A Fringe show, of course, will never have the flashy appeal of a West End spectacular, but Point And Shoot is still a perfectly-formed example of what a well-constructed musical should be.  Each of the major characters has their moment in the spotlight; the big solo numbers are either exquisitely touching or thrillingly villainous, according to the demands of the plot.  The lyrics are clever, the tunes are catchy, and the storyline’s bold and clear.  There’s even an actual moral to round off it all.

It’s a musically ambitious production: according to the programme, the four-member cast plays a total of 16 instruments live on stage.  Considering that they have to be strong actors and singers as well, that’s a demand which would stretch the most prodigious of talents, and I have to say that at times it showed.  But I have no such reservations about the quartet’s singing voices, which proved equally comfortable delivering delightful close-harmonies and belting out rousing anthems.

The back-story’s a lot of fun – there’s a knowing, self-referential absurdity to its vision of utopia, where the world’s ills have all been cured by arthouse cinema alone.  An increasingly-convoluted series of plot twists keeps the storyline zipping along, and delivers a real emotional depth at times.  (Look out for the number which contrives to be poignant, despite the character singing it having a colander on her head.)

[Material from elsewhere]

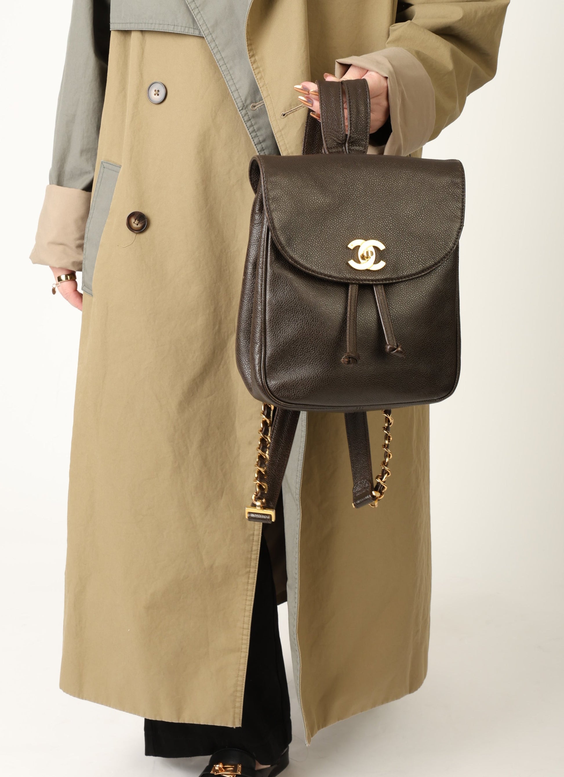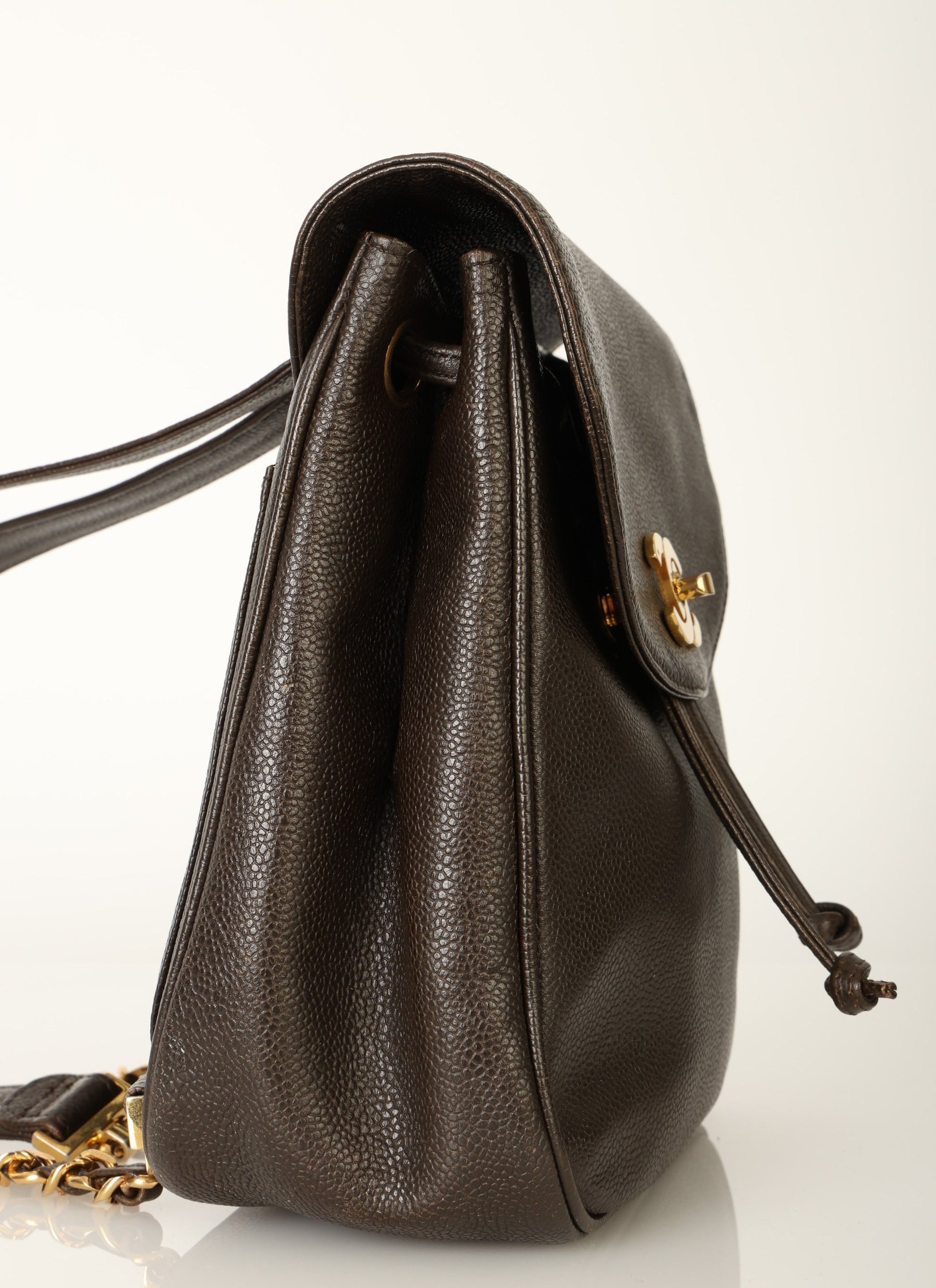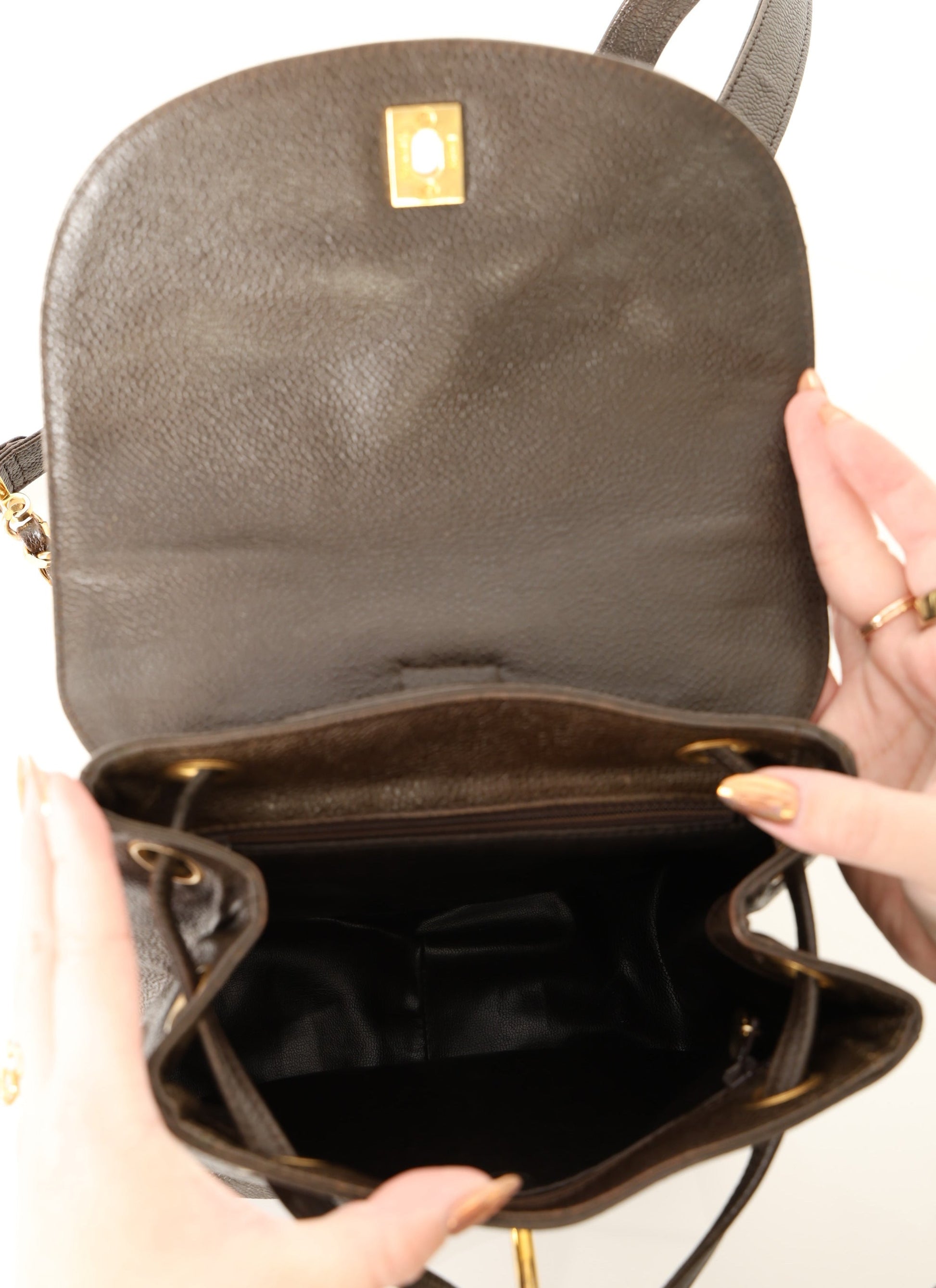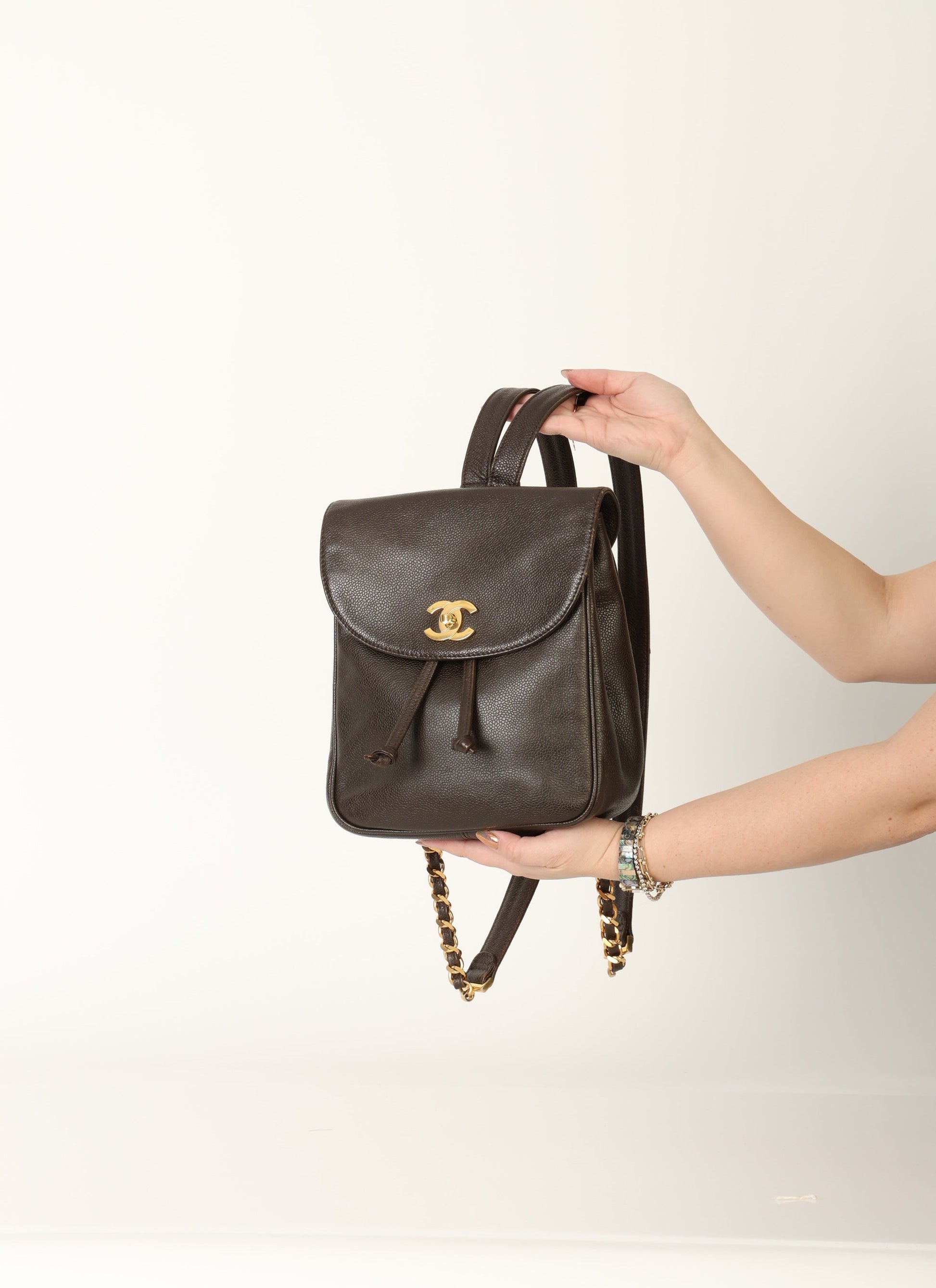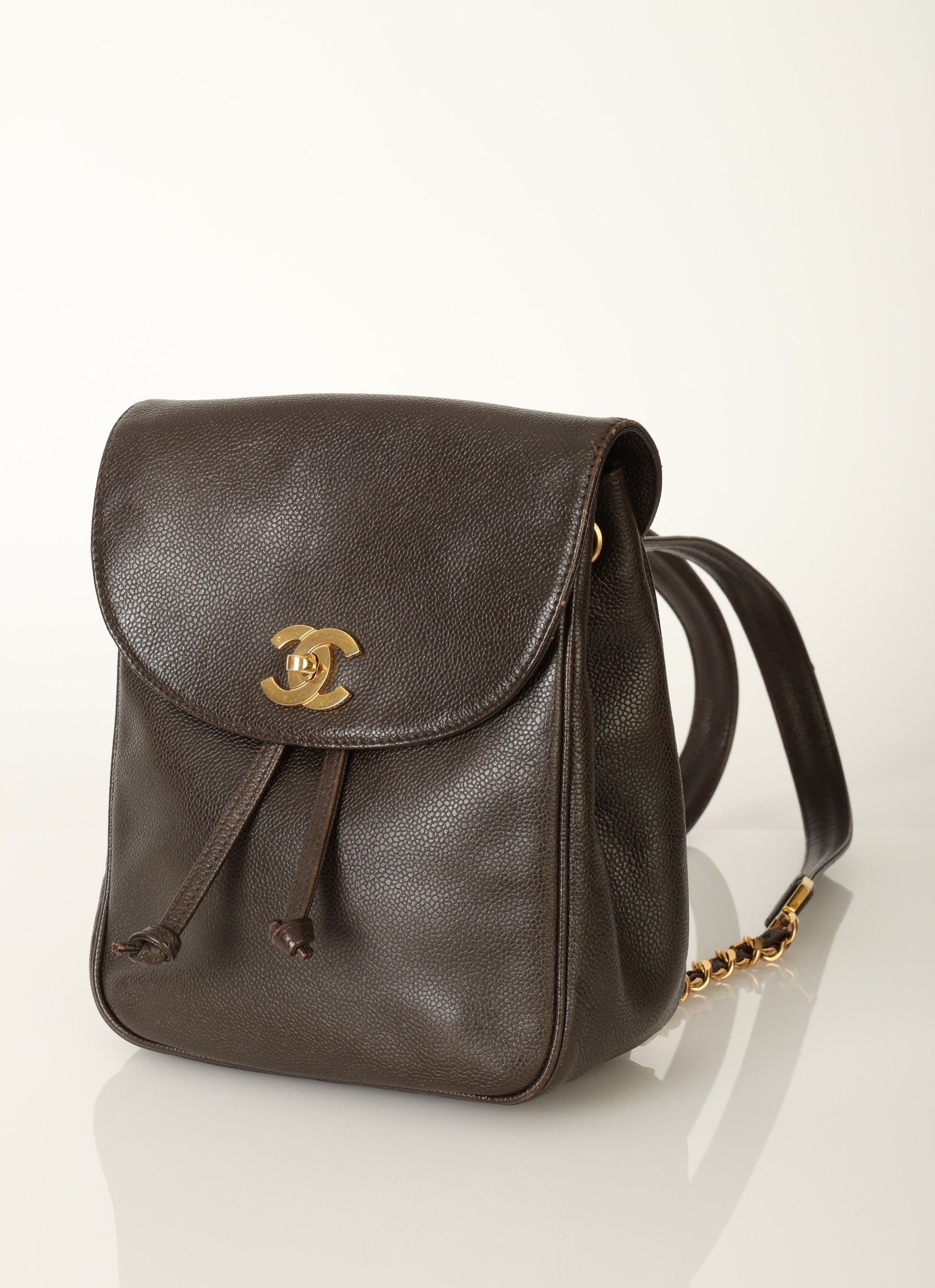 Dropping in the shop is a stunning Chanel Caviar Turnlock Backpack in a deep brown with 24k gold plated hardware.?ÿPerfect for travel or festival season! Features a drawstring closure and CC turnlock for added security. You can fit?ÿyour iPad Mini/Kindle and the rest of your daily essentials.?ÿ

But all the way through Point And Shoot, there was a doubt nagging at my brain: something slightly incongruous at the heart of it all.  The production’s styling roots it firmly in the middle of the twentieth century – with noir undertones, echoes of jazz, and elegant black-and-white costumes offset by flashes of red.  So if that’s the kind of show Holden Street Productions wanted to make, why did they set their plot three decades in the future?  Throw in some video clips from a fake 1960’s sit-com – which are, I admit, an extremely well-observed pastiche – and you end up with a scenario that made intellectual sense, yet subconsciously left me rather confused.

Never mind though.  Any uncertainty about the timeline is more than offset by a crisp and practised performance, which sees the four actors portraying dozens of characters while keeping each one clearly-defined.  Point And Shoot might not be life-changing, but it’s consistently entertaining – not just a sketch show or a play with songs, but a genuine thoroughbred musical.